Check the related information here: https://docs.scipy.org/doc/scipy/reference/generated/scipy.stats.theilslopes.html. It also includes the comparison of the lines generated from `theilslopes()` and `linregress()` which uses the least-squares regression.


In [70]:
# the returned tuple contains: medslope, medintercept, lo_slope, up_slope
res

(1.0000000000000002, 0.13, 0.96, 1.1428571428571426)

In [73]:
coefficient = []

for col in num_features[:-1]:
    res = stats.theilslopes(target, processed[col], 0.95)
    coefficient.append([col, res[0], res[2], res[3]])
    
to_plot = pd.DataFrame(data=coefficient, columns=['attribute', 'med_slope', 'low_slope', 'up_slope'])
    

In [84]:
'''fill in the blanks'''

dot = alt.Chart(to_plot).mark_circle().encode(
    y= ???,
    x= ??? 
)

error = alt.Chart(to_plot).mark_rule().encode(
    y= ???,
    y2= ???,
    x= ???
)

dot + error

## Dimension Reduction

In [85]:
from sklearn.decomposition import PCA
from sklearn.manifold import TSNE

### Principal Component Analysis (PCA)

In [97]:
''' initialize PCA '''
pca = PCA(n_components=2)

''' prepare the features for be analyszed '''
X = processed[num_features[:-1]].values

''' find the first two principal components '''
reduced_data = pca.fit_transform(X)


In [98]:
alt.Chart(pd.DataFrame(data=reduced_data, columns=['x', 'y'])).mark_point().encode(
    x='x:Q',
    y='y:Q'
)

### K-Means

In [99]:
from sklearn.cluster import KMeans

In [136]:
kmeans = KMeans(n_clusters=10)
kmeans.fit(X)
labels = kmeans.predict(X)

In [137]:
reduced_df = pd.DataFrame(data=reduced_data, columns=['x', 'y'])
reduced_df['label'] = labels
alt.Chart(reduced_df).mark_point().encode(
    x='x:Q',
    y='y:Q',
    color='label:N'
)

## Other Dimensionality Reduction methods

### T-SNE

In [141]:
result_tsne = TSNE(n_components=2).fit_transform(X)

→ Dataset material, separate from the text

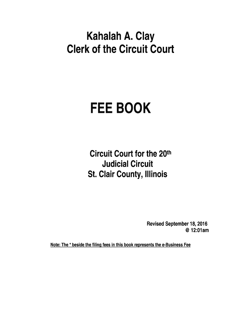 Kabbalah A. Clay Clerk of the Circuit Courted BOOK Circuit Court for the 20th Judicial Circuit St. Clair County, IllinoisRevised September 18, 2016 12:01am Note: The * beside the filing fees in this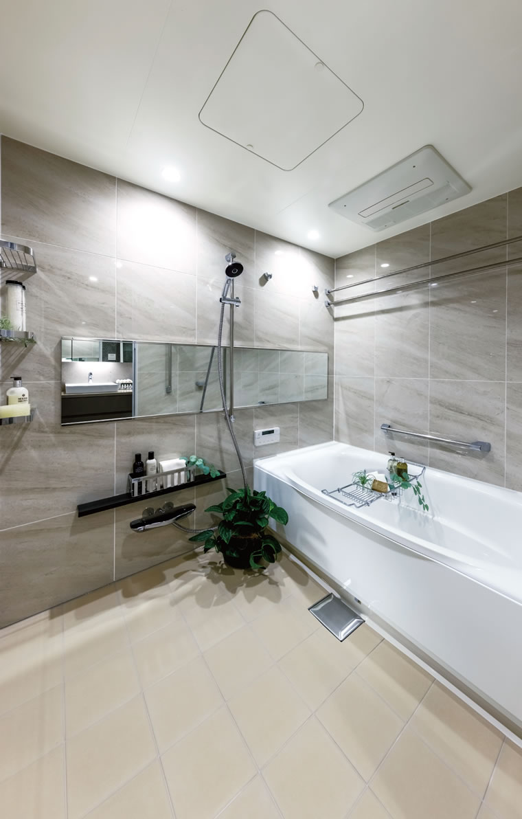 衣類・浴室乾燥、浴室暖房、換気、涼風機能がついた便利な浴室暖房乾燥機を採用しています。

tsne_df = pd.DataFrame(data=result_tsne, columns=['x','y'])

alt.Chart(tsne_df).mark_point().encode(
    x='x:Q',
    y='y:Q',
)

In [142]:
tsne_df['label'] = labels
alt.Chart(tsne_df).mark_point().encode(
    x='x:Q',
    y='y:Q',
    color='label:N'
)

### MDS

In [140]:
from sklearn.manifold import MDS

embedding = MDS(n_components=2)
result_mds = embedding.fit_transform(X)

mds_df = pd.DataFrame(data=result_mds, columns=['x','y'])
mds_df['label'] = labels

alt.Chart(mds_df).mark_point().encode(
    x='x:Q',
    y='y:Q',
)

In [139]:
alt.Chart(mds_df).mark_point().encode(
    x='x:Q',
    y='y:Q',
    color='label:N'
)

### color by ViolentCrimesPerPop

In [108]:
to_plot = pd.DataFrame(reduced_df[['x', 'y']])
to_plot['ViolentCrimesPerPop'] = processed['ViolentCrimesPerPop numeric']

In [132]:
alt.Chart(to_plot).mark_circle().encode(
    x='x:Q',
    y='y:Q',
    color=alt.Color('binned_crime:O', scale=alt.Scale(scheme='yellowgreenblue'))
).transform_bin(
    as_='binned_crime', 
    field='ViolentCrimesPerPop',
 )

What can we learn from the chart here?

The crime rate are distributed from lower to higher in the chart from left bottom parts to the right side of the chart.